David Frum's opinion has made it to the frontpage of several progressive websites, including ours. It's definitely worth reading, although its only real novelty is that it is being espoused by a conservative. However, on one issue, it is totally wrong and deliberately misleading. And that is his assertion that Republican leaders were trapped into the strategy they pursued. Good people were forced to act badly and stupidly. Republicans love to talk about personal responsibility, except when it is their own, then someone else is always to blame. Make no mistake the Republicans, all of them, made the choice to behave the way they did. And they are 100% accountable.
Frum's relevant quote is as follows.
Some of our leaders were trapped. They were trapped by voices in the media that revved the Republican base into a frenzy that made dealing impossible. I mean, you can’t negotiate with Adolf Hitler, and if the President is Adolf Hitler, then obviously you can’t negotiate with him. So some of the blame has has got to go to those who said, who got the psychology of the party to a point where a lot of good people, reasonable people were trapped
First to call people leaders who simply follow the current media firestorm is on its face absurd. But to say these leaders were trapped into the course they chose is an even greater stretch.
I remember thinking, some smart Republican is going to make himself a hero forever by standing up to the Birthers, the Tea Partiers, and other of a similar ilk. Some Republican is going to say we may disagree completely with the new President and his agenda, but we still have an obligation to work with him in the best interests of the country. At least one Republican was going to call the crazies for what they are. But it never came. The harshest condemnation of a birther, from a Republican, I ever heard was that they were silly. Republicans ran from the cameras when they were asked where the President was born. The only note of regret, I ever heard, was the exasperation in George Voinivich's voice when one day he said the Republican's have too many Southerners.
It is the thing the Republicans should be most ashamed of. They do know better, yet they continue to allow this idiotic and truely damaging element of their base to dominate the party. To say that these leaders are good people who were trapped by circumstances is exactly wrong. It is because they are not good people that they allowed themselves to take the easy way, and go along with the loudest most insistent members of their base, despite knowing just how wrong that choice was, not only for the party, but for the country. And this is why the current incarnation of the Republican party and its leadership deserves are harshest condemnation. They deserve no sympathy for being put in an uncomfortable position. It was their job to give direction not to be directed.

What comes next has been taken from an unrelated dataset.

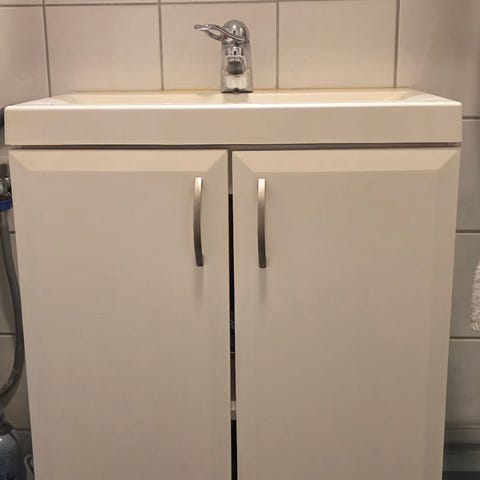 Baderomsmøbel sett med servant, speil og skuffer i hvit

Frum's analysis tends to make us think that the real story is that the Republicans made a political error that may cost the party. That may be true, but the true story is that the Republicans ignored the best interests of the country in order to pursue the best interests of a select few. And this is a much greater crime. Do not be decieved by the criticism, Frum is ignoring the real sins of the Republican Party. He is trying to make you think that the Republican Party is really a bunch of good guys who have inadvertantly allowed themselves to be hijacked by a small renegade faction. The Republican Party is exactly what it appears to be and we should never let that be forgotten.